--- THE TASK ---
Without the images, write out the whole listing exactly.

PROVIDED DATA: Begin

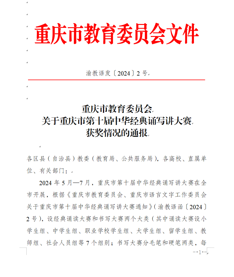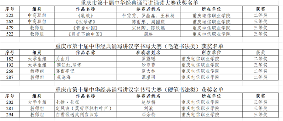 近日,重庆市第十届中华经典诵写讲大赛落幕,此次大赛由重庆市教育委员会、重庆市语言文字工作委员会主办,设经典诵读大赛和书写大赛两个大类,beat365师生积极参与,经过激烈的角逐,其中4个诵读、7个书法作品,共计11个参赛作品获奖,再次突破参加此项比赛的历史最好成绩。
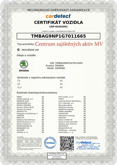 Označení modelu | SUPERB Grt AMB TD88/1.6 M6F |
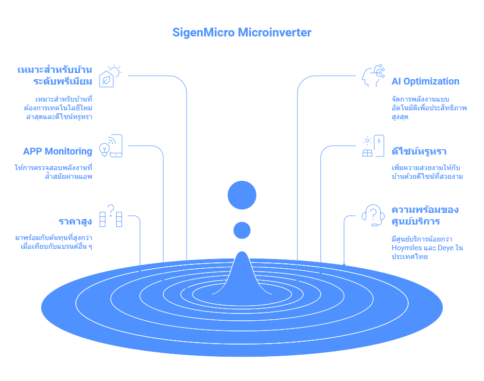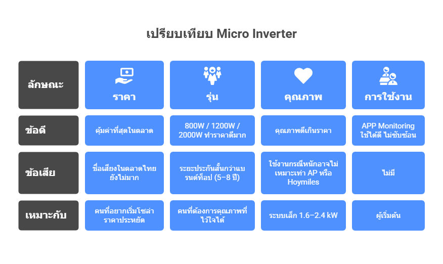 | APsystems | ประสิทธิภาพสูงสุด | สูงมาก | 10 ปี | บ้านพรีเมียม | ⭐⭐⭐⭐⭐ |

PROVIDED DATA: End

--- EXERCISE ANSWER ---
 近日,重庆市第十届中华经典诵写讲大赛落幕,此次大赛由重庆市教育委员会、重庆市语言文字工作委员会主办,设经典诵读大赛和书写大赛两个大类,beat365师生积极参与,经过激烈的角逐,其中4个诵读、7个书法作品,共计11个参赛作品获奖,再次突破参加此项比赛的历史最好成绩。
 Označení modelu | SUPERB Grt AMB TD88/1.6 M6F |
 | APsystems | ประสิทธิภาพสูงสุด | สูงมาก | 10 ปี | บ้านพรีเมียม | ⭐⭐⭐⭐⭐ |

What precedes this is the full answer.